Jesus, as the face of the love God has for us, longs to comfort those who cast him out. He longs to reach out to those who reject him.  He longs to embrace those who abandon him. He longs to gather the most stubborn of us underneath the outstretched protection of his wings, like a mother hen. He longs for us to return God, the source that gave us life. And he spread his arms in order to gather us, ALL of us - spreads his wings so far out to receive us - so wide, as wide the horizontal beam of a cross.

And so we are caught between the fox and the hen. The fox – the messages of the world that equate strength with power and control. And the hen – who would lay down her life to protect her children. Who would you bet on in a fight? The fox of course has so much more at his disposal. Who are we to stand against him and his sly ways?

If you believed the fox, you would have no idea that women, for example, are more than just the sum of their parts or valued for more than just how they look. You would have no idea that they, especially moms, are fierce. And when they get together in the name of God and children and justice, you had better watch out because things are going to happen.

You probably never heard of Leymah Gbowee, the Liberian woman who almost single handedly brought an end to fourteen years of civil war in Liberia. She spoke at the 2012 ELCA youth gathering in New Orleans, and her life story is incredible – she gathered together both Christian and Muslim women to daily protest for peace for years along the commute of Liberia’s then corrupt president. Then, when peace talks had stalled at the posh hotel where the opposition leaders were enjoying themselves instead of seriously talking peace, Gbowee and a couple hundred women marched into the hotel and trapped the men inside the conference room – literally laying down their own bodies to barricade them in. They stayed there for days, and because of their actions, the war ended weeks later. This all came about because one woman – Leymah Gbowee, loved her three children too much to give them a future filled with violence and death. So she put her body on the line in order to fight for their future. And she and her women got it done.

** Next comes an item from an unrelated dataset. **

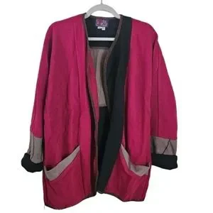 Red Rover Color Block Open Front Jacket Size M
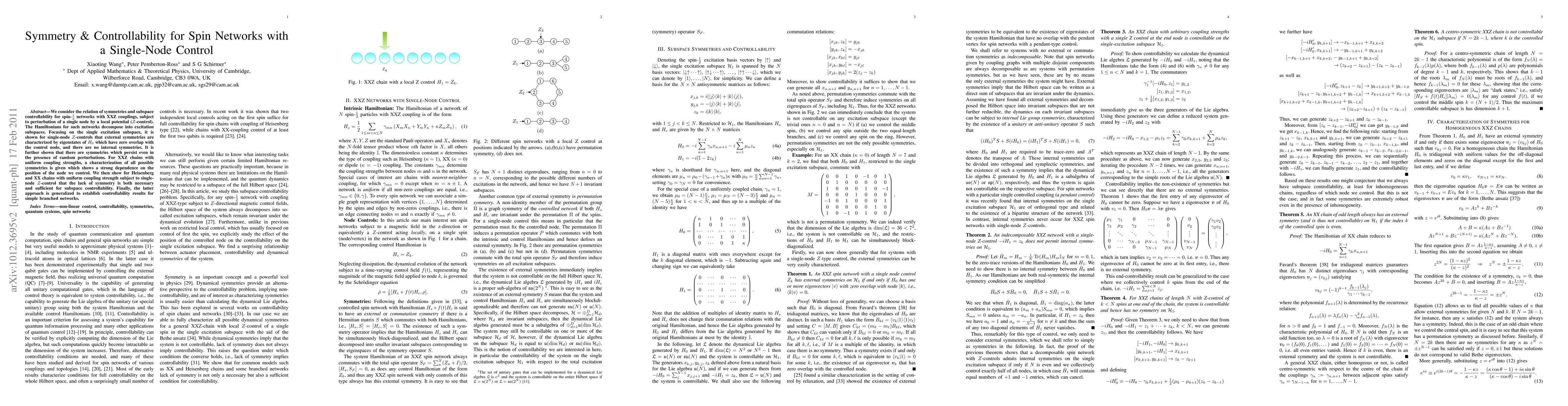 We consider the relation of symmetries and subspace controllability for spin networks with XXZ coupling subject to control of a single node by a local potential (Z-control). Such networks decompose into excitation subspaces. Focusing on the single excitation subspace it is shown that for single-node Z-controls external symmetries are characterized by eigenstates of the system Hamiltonian that have zero overlap with the control node, and there are no internal symmetries. It is further shown that there are symmetries that persist even in the presence of random perturbations. For uniformly coupled XXZ chains a characterization of all possible symmetries is given, which shows a strong dependence on the position of the node we control. Finally, it is shown rigorously for uniform Heisenberg and XX chains subject to single-node Z-control that the lack of symmetry is not only necessary but sufficient for subspace controllability. The latter approach is then generalized to establish controllability results for simple branched networks.

In a world that asks “Where’s daddy?”-  Where is our power, where are our generals and warriors and fighters? We are under the mothering and comforting protection of Jesus, who, through the giving up and laying down of HIS body, we are saved, healed, and given a future with hope.

 We have been baptized and claimed as God’s children, marked with a sign of death and weakness turned into a sign of the power of new life over death. God chooses weakness and vulnerability and love over strength, again and again, because love outlasts, outshines, and outdistances the competition. Every. Single. Time. God always wins.  God always gets what God wants.

And so the fox made a serious error when he chose to mess with us, God’s children. The fox did not know the lengths to which our mother hen would go to get us back – all the way to death, even death on a cross.

What are foxes, then, to us under the mothering protection of Jesus? What is fear, what is uncertainty, what is powerlessness in the face of the light and salvation that Jesus offers us? Nothing, nothing, and nothing. So we tell that fox, get lost, get out of here, YOU are NOTHING. WE are baptized, WE are claimed, and WE are gathered under Jesus’ wings. And THAT’S  exactly where we’re gonna stay.

And, as Julian’s prayer ends, all shall be well, all shall be well, and all manner of things shall be well. Amen.